Taking the data below, please print only the lines from the line holding "春日的色彩格外耀眼,红是热烈" to the line holding "İmkansız Aşk Yoktur Kararsız Aşık Vardır, Ece", inclusive, with pictures omitted.

**RECORDS FOR THE TASK**
___

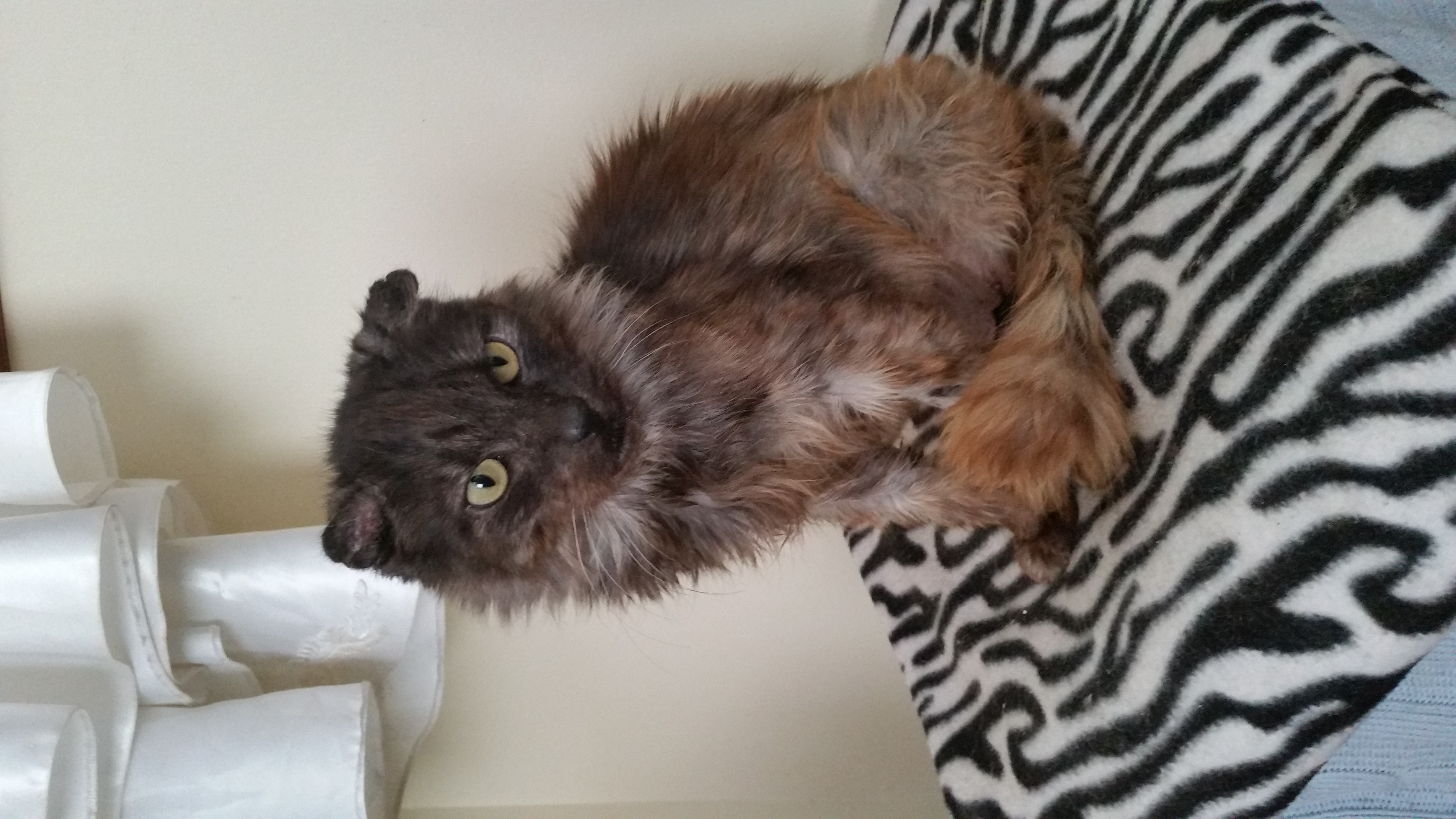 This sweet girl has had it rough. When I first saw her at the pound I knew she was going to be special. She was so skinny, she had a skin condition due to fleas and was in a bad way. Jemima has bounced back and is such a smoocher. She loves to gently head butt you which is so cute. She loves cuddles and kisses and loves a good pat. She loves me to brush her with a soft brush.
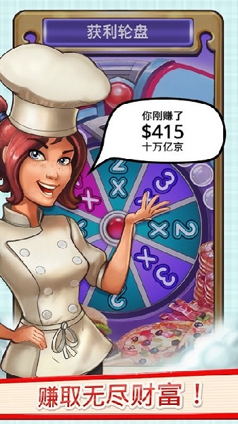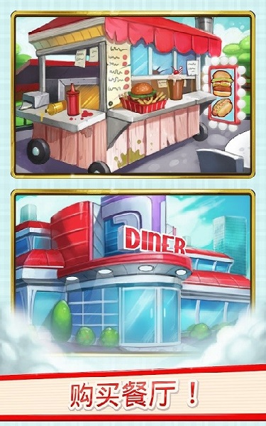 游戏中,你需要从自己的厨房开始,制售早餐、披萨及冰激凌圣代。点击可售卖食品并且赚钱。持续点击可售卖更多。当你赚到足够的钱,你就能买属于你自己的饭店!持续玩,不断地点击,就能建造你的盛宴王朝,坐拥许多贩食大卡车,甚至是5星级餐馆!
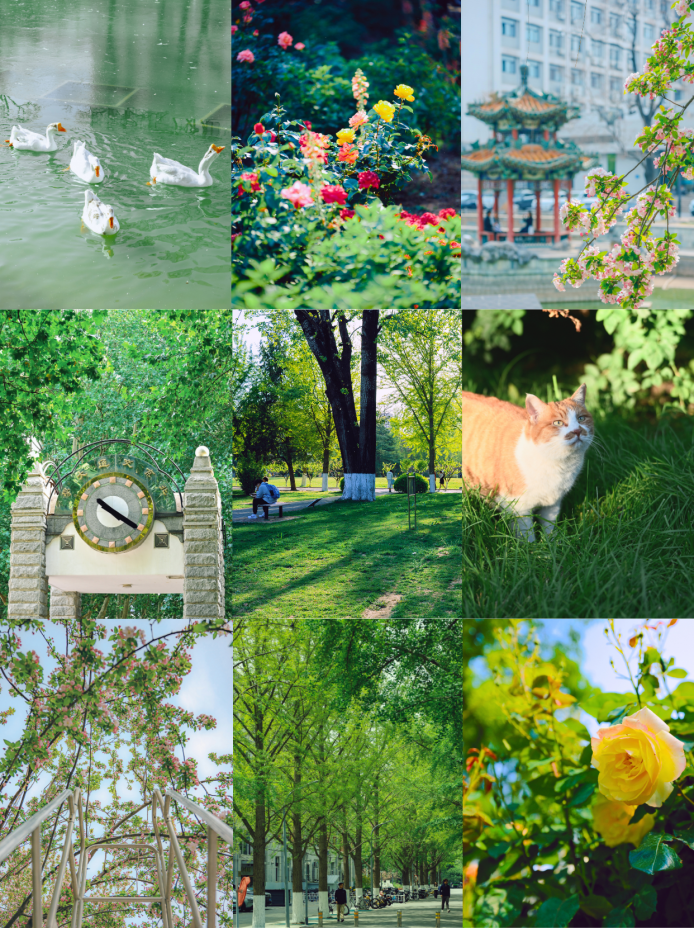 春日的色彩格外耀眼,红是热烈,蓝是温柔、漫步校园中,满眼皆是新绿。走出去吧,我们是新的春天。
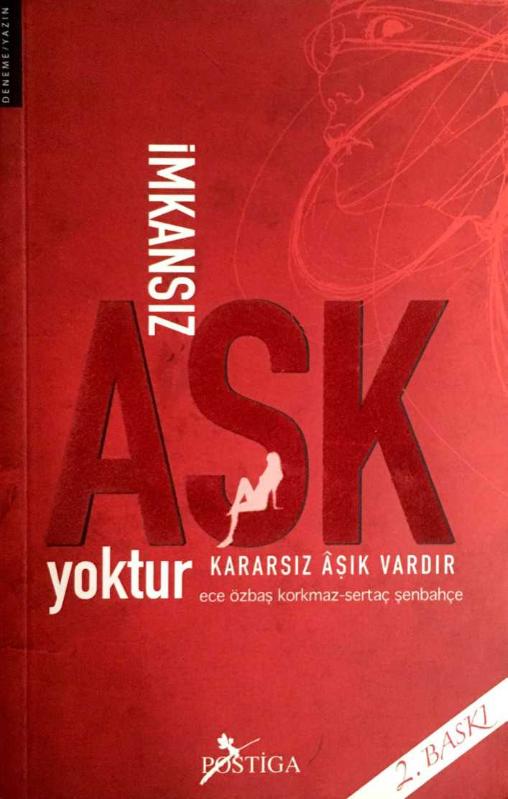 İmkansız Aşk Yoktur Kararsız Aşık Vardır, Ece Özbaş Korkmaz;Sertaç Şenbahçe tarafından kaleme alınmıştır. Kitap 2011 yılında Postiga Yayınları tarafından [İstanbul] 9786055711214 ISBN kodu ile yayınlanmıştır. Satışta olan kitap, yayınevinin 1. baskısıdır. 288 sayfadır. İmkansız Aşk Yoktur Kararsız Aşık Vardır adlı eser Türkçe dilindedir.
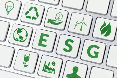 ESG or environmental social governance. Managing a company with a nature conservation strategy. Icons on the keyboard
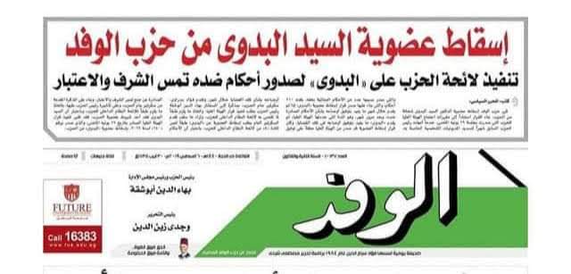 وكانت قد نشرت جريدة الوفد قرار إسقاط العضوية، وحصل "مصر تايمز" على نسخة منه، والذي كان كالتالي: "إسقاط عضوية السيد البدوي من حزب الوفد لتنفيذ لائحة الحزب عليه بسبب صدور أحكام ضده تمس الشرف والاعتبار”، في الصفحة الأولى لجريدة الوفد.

___

**REPLY**
 春日的色彩格外耀眼,红是热烈,蓝是温柔、漫步校园中,满眼皆是新绿。走出去吧,我们是新的春天。
 İmkansız Aşk Yoktur Kararsız Aşık Vardır, Ece Özbaş Korkmaz;Sertaç Şenbahçe tarafından kaleme alınmıştır. Kitap 2011 yılında Postiga Yayınları tarafından [İstanbul] 9786055711214 ISBN kodu ile yayınlanmıştır. Satışta olan kitap, yayınevinin 1. baskısıdır. 288 sayfadır. İmkansız Aşk Yoktur Kararsız Aşık Vardır adlı eser Türkçe dilindedir.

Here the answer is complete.